- Born: June 2, 1953 (age 72) Birjand, Iran
- Known for: Head of the Mashhad Teachers Union

= Hashem Khastar =

Iranian teacher and union leader

Hashem Khastar (هاشم خواستار; born June 2, 1953) is a former teacher at the Agriculture Technical High School in Mashhad in northeastern Iran, and an agricultural engineer and the Head of the Mashhad Teachers Union.

==Background==

He has been detained several times for defending teachers' rights and participating in rally protests of teachers and was imprisoned from 2009 to 2011 in Mashhad's notorious Vakilabad Prison.

In a letter he said that "the root of the corruption and all the problems, was Ali Khamenei" the Supreme Leader of Iran, and that he had to be held accountable.

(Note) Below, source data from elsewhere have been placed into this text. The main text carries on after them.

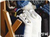 니트가 늘어지지 않도록 하는 아이디어로 니트 전문 매장에서는 모두 이 방법으로 걸어둔다. 오른쪽 소매는 왼쪽 어깨에, 왼쪽 소매는 오른쪽 어깨에 걸칠 것.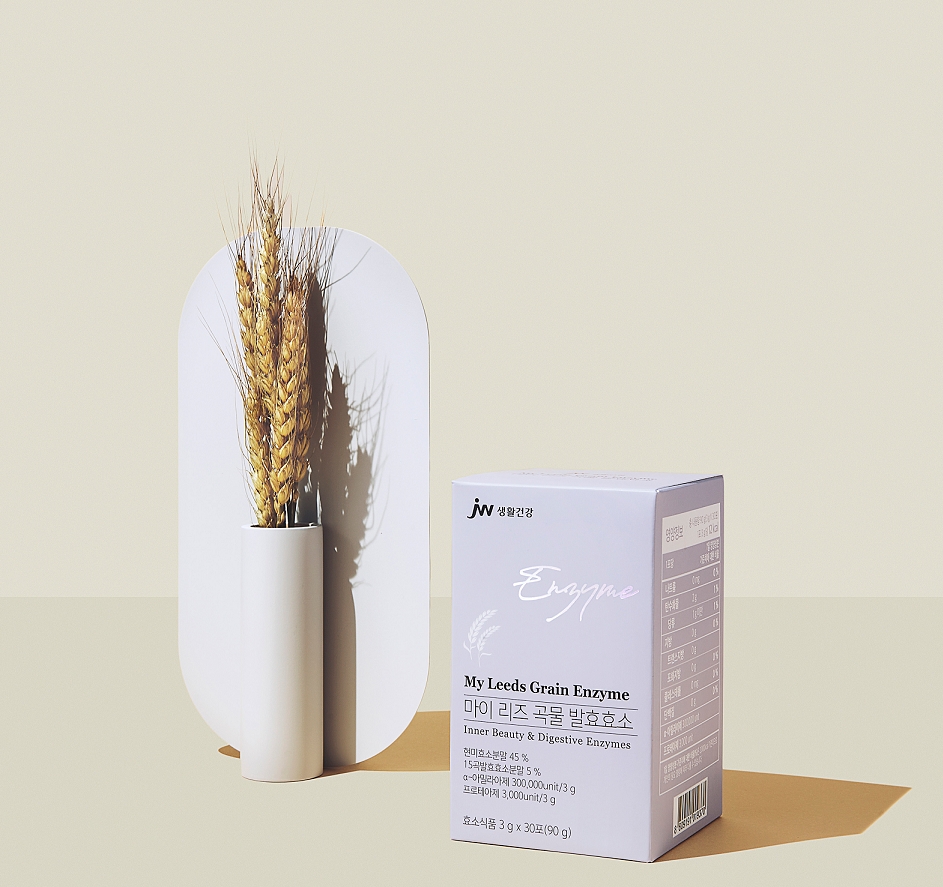 ‘마이 리즈 곡물발효효소’는 현미, 보리, 통밀, 검정콩, 팥 등 15종의 곡물을 발효해 만든 효소식품이다. 총 7종의 분해효소를 담았으며, 1포당 아밀라아제‧프로테아제 소화효소가 303,000unit 함유됐다.
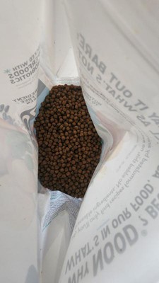 Nice size for small bite dog food, and the ingredients are clearly listed on the bag which I found helpful. Both my small and large dogs happily ate the food, even though one of them is traditionally quite picky! The bag was resealable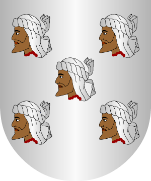 Valenciano. De Jijona. En azur, un árbol al natural y un león de oro, echado delante del tronco, sumado de un águila, también de oro, que está delante del tronco, entre el león y la copa del árbol;, sobre ésta, otra águila más pequeña, también de oro; al lado derecho del árbol, cinco flores de lis, de oro, en aspa, y al lado izquierdo, cinco menguantes del mismo metal, también en aspa. Bordura con la mitad derecha de oro, con ocho aspas de gules, y la mitad izquierda de gules, con ocho veneras de oro. D'azur, à un arbre terrassé de sinople, accompagné d'un lion couché d'or, brochant sur le pied du fût, et d'une aigle d'or, brochant sur le milieu du fût, le feuillage de l'arbre chargé d'une autre aigle d'or, l'aigle sur le fût adextrée de cinq fleurs-de-lis d'or, 2, 1 et 2, et senestrée de cinq croissants versés du même, 2, 1 et 2, à la bordure partie d'or et de gueules, l'or chargé de huit flanchis de gueules et le gueules de huit coquilles d'or. (Ref.: GARCIA CARRAFA), (ref.: ATIENZA), (ref.: GONZALEZ-DORIA), (ref.: CADENAS), (ref.: RIETSTAP). |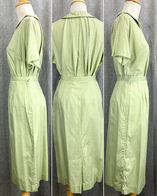 Vintage 1960s 2-Piece Green Cotton Skirt & Blouse Set, Small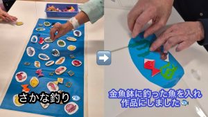 さかな釣りでは釣ったさかなを袋に入れ装飾し、それぞれ作品にしてお持ち帰りしていただきました。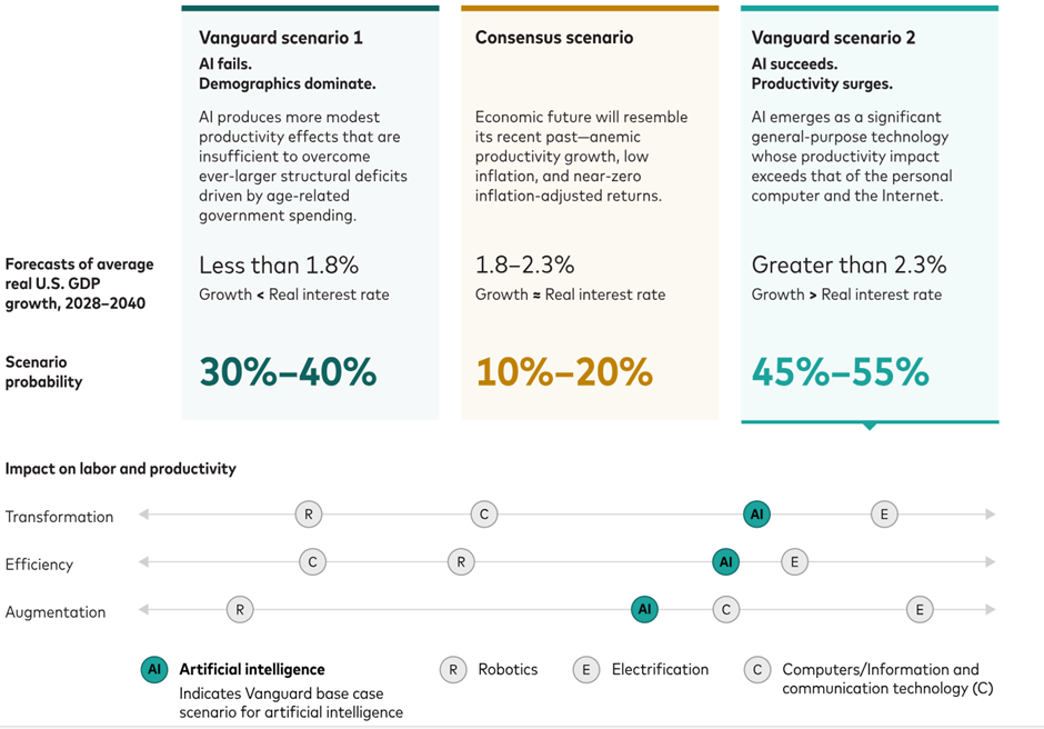 “Als AI inderdaad dezelfde impact zou hebben als elektriciteit, kan de groei van AI de demografische druk compenseren”, aldus Vanguard. Als de productiviteitswinst echter vergelijkbaar is met die van robotica, computers en internet, wegen de demografische ontwikkelingen zwaarder. De economische en financiële toekomst voldoet dan niet aan de huidige verwachtingen van de consensus.

Khastar had previously been detained in Vakilabad Prison in Mashhad. Despite being threatened by agents of the Ministry of Intelligence on several occasion he had refused to cease his activities.

On October 23, 2018, he disappeared in the city of Mashhad, and was being detained by the Islamic Republic's Intelligence Ministry at a psychiatric hospital, his wife disclosed in an interview. Hashem Khastar was released a few hours after being taken into custody on Monday, November 5, 2018.